§ EXERCISE BRIEF:
Return only the lines from the top of the data down to the one that holds "Vintage broche van", both included, without any pictures.

****************

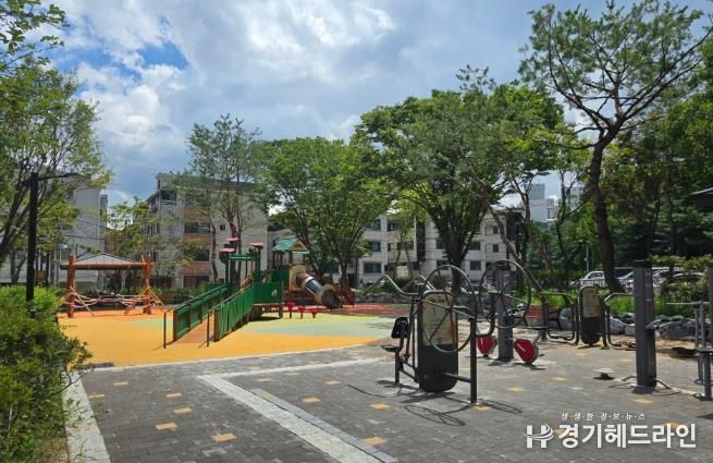 먼저 ‘군마근린공원’은 조성 이후 10년 이상 경과하며 시설 노후와 이용 불편이 이어진 가운데, 2023년 도시숲 리모델링을 통해 기능을 재정비했다. 휴게쉼터 조성과 수목 식재, 레인가든 및 경관형 수경시설 설치 등 녹지 요소를 보완해 도심 속에서 휴식과 여가를 누릴 수 있는 공간으로 활용도를 높였다. 경원선과 국도, 주거지가 인접한 입지를 고려해 녹지를 확충하고 소음 완화 기능을 강화한 점도 특징이다.
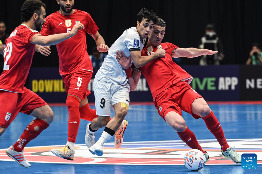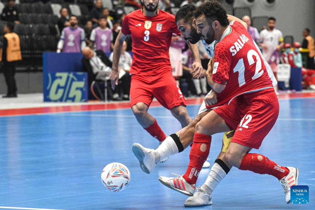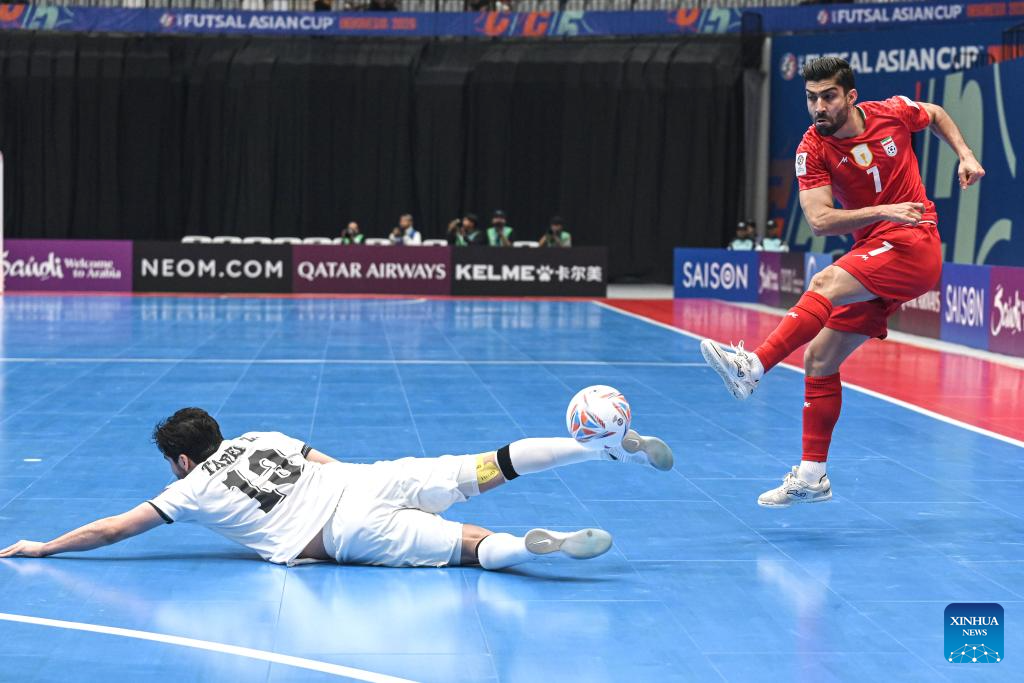 Salar Aghapour (R) of Iran competes during the semifinal match between Iraq and Iran at the AFC Futsal Asian Cup 2026 in Jakarta, Indonesia, Feb. 5, 2026. (Xinhua/Agung Kuncahya B.)
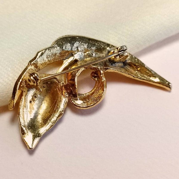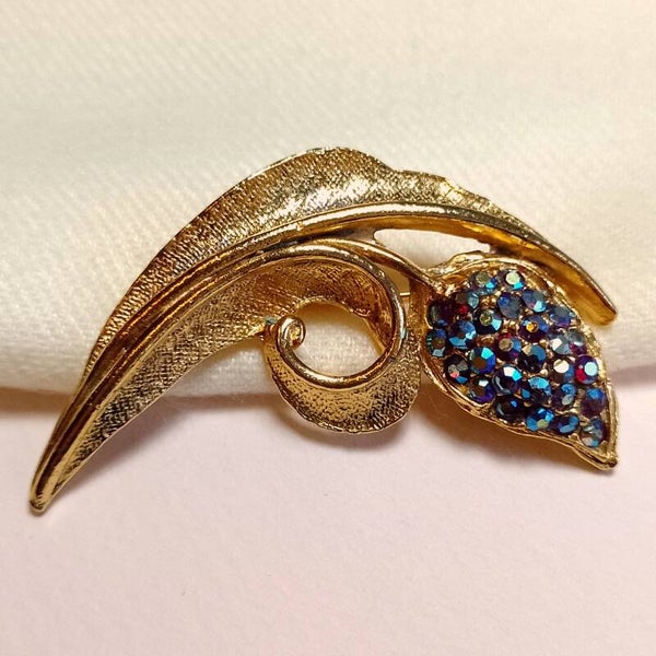 Vintage broche van verguld metaal met bloem of knop en blad bezet met rode aurora borealis strass uit de jaren '50-'60.
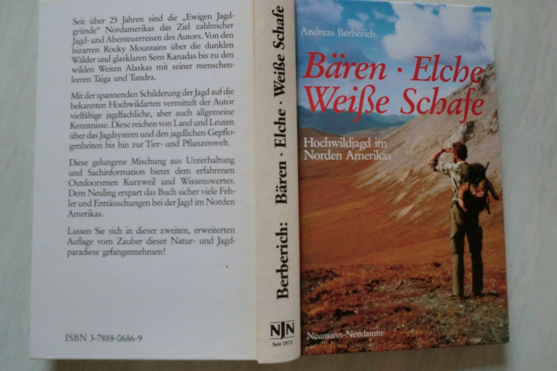 BÄREN - ELCHE - WEISSE SCHAFE - Hochwildjagd im Norden Amerikas - von Andreas Berberich, Verlag Neumann-Neudamm 1996, 300 Seiten mit sehr vielen farbigen Abbildungen und zwei Karten - Inhalt u.a.: COLORADO: Outdoors und Greenhorns / Zauber des Felsengebirges / Blue Mesa / Rocky Mountains Hig / KANADA: Jagen unterm Nordlicht / ALASKA: Barren Ground Caribous in der Tundra / Der Riesenelch / Schwarzbärengeschichten / Von weißen Schafen und braunen Bären / Ursus Arctos - König der Schöpfung / Grand Slam, die Schafe Nordamerikas - Guter bis sehr guter Zustand
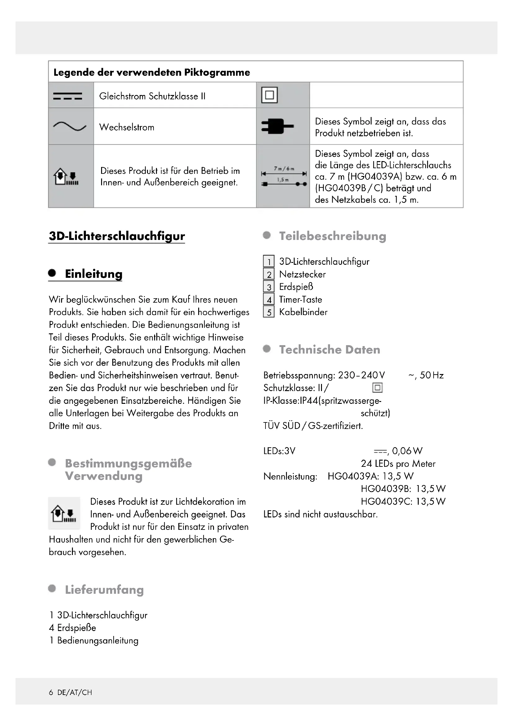 3 25 DE/AT/CH Legende der verwendeten Piktogramme ...........................................................Seite 6 Einleitung ......................................................................................................................................... Seite 6 Bestimmungsgemäße Verwendung ....................................................................................................Seite 6 Lieferumfang ........................................................................................................................................ Seite 6 Teilebeschreibung ...............................................................................................................................Seite 6 Technische Daten ................................................................................................................................Seite 6 Sicherheitshinweise ................................................................................................................Seite 7 Vor der Inbetriebnahme ....................................................................................................Seite 9 Montage ...........................................................................................................................................Seite 9 Anwendung ..................................................................................................................................Seite 9 Timer-Funktion ............................................................................................................................Seite 9 Reinigung und Pflege ............................................................................................................Seite 9 Entsorgung .....................................................................................................................................Seite 10 Garantie ........................................................................................................................................... Seite 106 DE/AT/CH Legende der verwendeten Piktogramme Gleichstrom Schutzklasse II Wechselstrom Dieses Symbol zeigt an, dass das Produkt netzbetrieben ist. Dieses Produkt ist für den Betrieb im Innen- und Außenbereich geeignet. Dieses Symbol zeigt an, dass die Länge des LED-Lichterschlauchs ca. 7 m (HG04039A) bzw. ca. 6 m (HG04039B / C) beträgt und des Netzkabels ca. 1,5 m. 3D-Lichterschlauchfigur Einleitung Wir beglückwünschen Sie zum Kauf Ihres neuen Produkts. Sie haben sich damit für ein hochwertiges Produkt entschieden. Die Bedienungsanleitung ist Teil dieses Produkts. Sie enthält wichtige Hinweise für Sicherheit, Gebrauch und Entsorgung. Machen Sie sich vor der Benutzung des Produkts mit allen Bedien- und Sicherheitshinweisen vertraut. Benut- zen Sie das Produkt nur wie beschrieben und für die angegebenen Einsatzbereiche. Händigen Sie alle Unterlagen bei Weitergabe des Produkts an Dritte mit aus. Bestimmungsgemäße Verwendung Dieses Produkt ist zur Lichtdekoration im Innen- und Außenbereich geeignet. Das Produkt ist nur für den Einsatz in privaten Haushalten und nicht für den gewerblichen Ge- brauch vorgesehen. Lieferumfang 1 3D-Lichterschlauchfigur 4 Erdspieße 1 Bedienungsanleitung Teilebeschreibung

****************

§ ANSWER FOR THE TASK:
 먼저 ‘군마근린공원’은 조성 이후 10년 이상 경과하며 시설 노후와 이용 불편이 이어진 가운데, 2023년 도시숲 리모델링을 통해 기능을 재정비했다. 휴게쉼터 조성과 수목 식재, 레인가든 및 경관형 수경시설 설치 등 녹지 요소를 보완해 도심 속에서 휴식과 여가를 누릴 수 있는 공간으로 활용도를 높였다. 경원선과 국도, 주거지가 인접한 입지를 고려해 녹지를 확충하고 소음 완화 기능을 강화한 점도 특징이다.
 Salar Aghapour (R) of Iran competes during the semifinal match between Iraq and Iran at the AFC Futsal Asian Cup 2026 in Jakarta, Indonesia, Feb. 5, 2026. (Xinhua/Agung Kuncahya B.)
 Vintage broche van verguld metaal met bloem of knop en blad bezet met rode aurora borealis strass uit de jaren '50-'60.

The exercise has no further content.